Também Regina Graça vê filmes, ouve música e lê para passar o tempo.

“E dormir. Dormir é maravilhoso”, responde, por ‘e-mail’, à Lusa.

Para a utente de 57 anos, este foi um ano “com sentimentos muitas vezes contraditórios, desde um grande desespero e preocupação até a um alívio de poder estar mesmo sozinha”.

Regina admite que está mais confusa, já sente que troca letras e que tem que ir ao “dicionário ver como se escrevem certas palavras”.

“Custou-me não sair no verão. Mais do que a praia, senti uma necessidade enorme de ir para qualquer sítio que tivesse muitas árvores e um riacho a deslizar por entre as pedras”, salienta, referindo que o momento mais custoso foi mesmo quando o surto surgiu e montou-se um “cenário apocalíptico”, quando todos ficaram fechados nos quartos e os auxiliares tinham que andar “vestidos com fatos de astronautas”.

Dos funcionários, recorda uma dedicação tremenda, mesmo quando pareciam estar “sem forças nem fôlego” para ajudar os utentes.

“Sinceramente, não sei como conseguiram. Foram de uma humanidade levada ao limite”, nota.

Neste momento, Regina sonha em poder voltar a estar fisicamente com a sua família e regressar às atividades de expressão plástica da APCC para “concretizar todos os projetos agendados”.

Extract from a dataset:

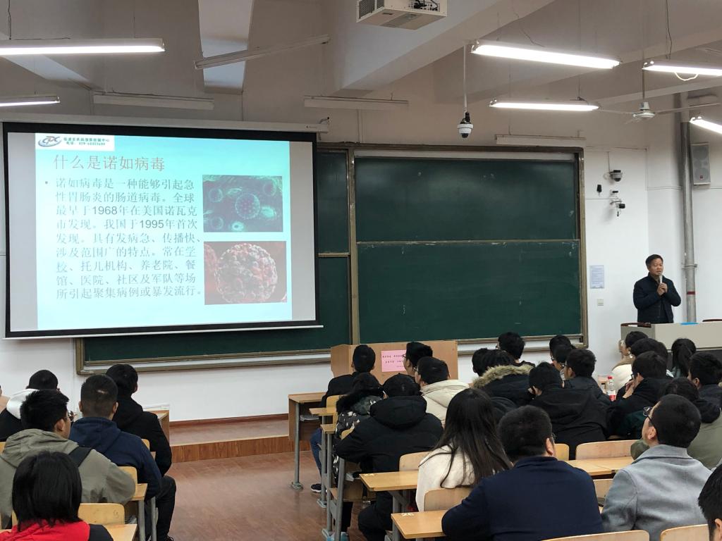 讲座上,刘建民从冬季常见的诺如病毒、水痘、流感、流行性腮腺炎等传染病的症状、传染途径、预防、治疗等相关知识,通过发生在高校大量具体真实的案例,介绍了传染病处置中的控制传染源、切断传染途径、保护易感人群三个阶段工作和关于传染病的预防措施。告诉同学们要牢固树立“个人是健康的第一责任人”的观念,希望同学们加强体育锻炼、保持宿舍良好卫生状态、经常通风换气,养成良好的生活方式。

Aquando do início da pandemia Regina escreveu uma prosa sobre a situação, intitulada “Um Olhar de Esperança”.

“Vou acordar sempre porque a humanidade é a única palavra que me resta”, escrevia Regina nesse texto.

Um ano depois, questionada sobre se manteria esse tom esperançoso, diz que sim.

“Caso contrário, nada valeria a pena”, responde.